▸ **EXERCISE**: Only the lines below from the one containing "The figure shows" to the one containing "PCB headers, nominal" should be repeated, both included and unchanged.

▸ **DATA TO EXAMINE**:
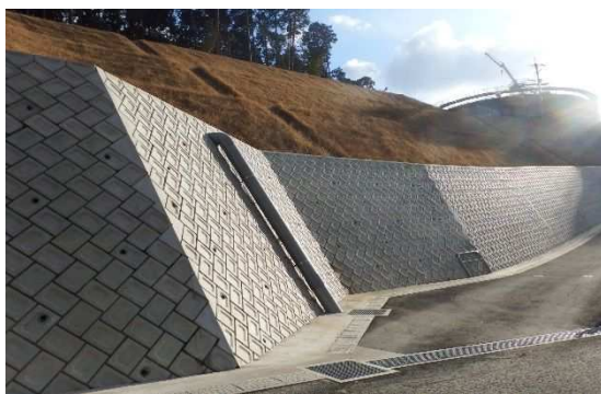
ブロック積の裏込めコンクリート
==
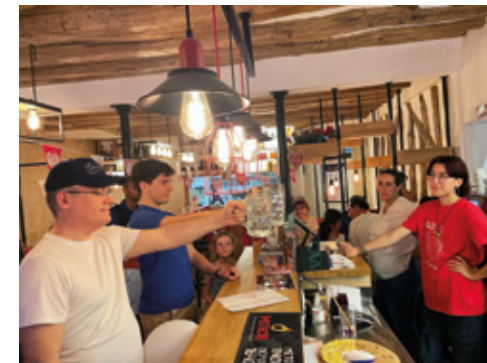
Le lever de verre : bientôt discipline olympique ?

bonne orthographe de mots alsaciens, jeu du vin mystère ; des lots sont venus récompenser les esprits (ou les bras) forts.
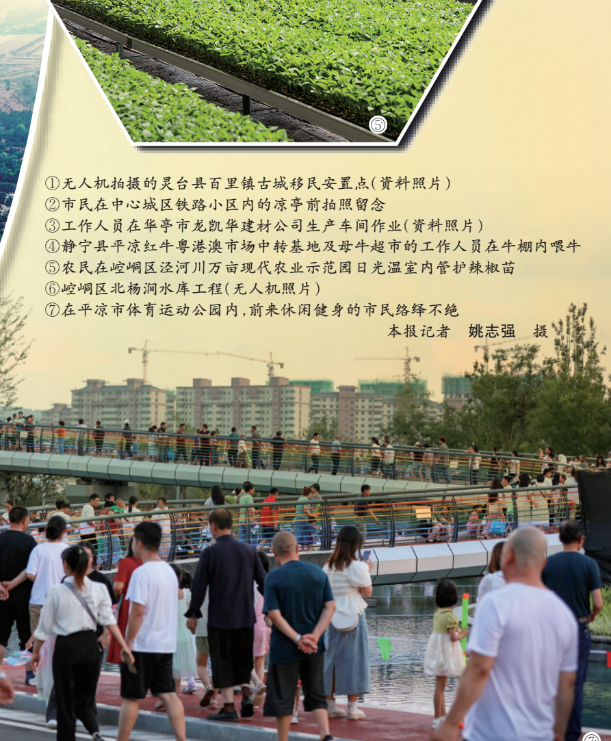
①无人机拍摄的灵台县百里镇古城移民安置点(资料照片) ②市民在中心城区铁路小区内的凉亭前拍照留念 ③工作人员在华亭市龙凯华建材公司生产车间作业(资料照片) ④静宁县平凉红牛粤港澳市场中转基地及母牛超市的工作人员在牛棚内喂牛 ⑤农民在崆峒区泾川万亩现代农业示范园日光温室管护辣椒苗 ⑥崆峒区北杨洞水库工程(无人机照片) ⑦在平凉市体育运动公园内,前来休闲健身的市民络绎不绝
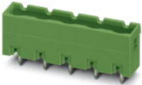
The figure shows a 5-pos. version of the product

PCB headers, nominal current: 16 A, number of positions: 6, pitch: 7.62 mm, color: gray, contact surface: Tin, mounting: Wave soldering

▸ **COMPLETED EXERCISE**:
The figure shows a 5-pos. version of the product

PCB headers, nominal current: 16 A, number of positions: 6, pitch: 7.62 mm, color: gray, contact surface: Tin, mounting: Wave soldering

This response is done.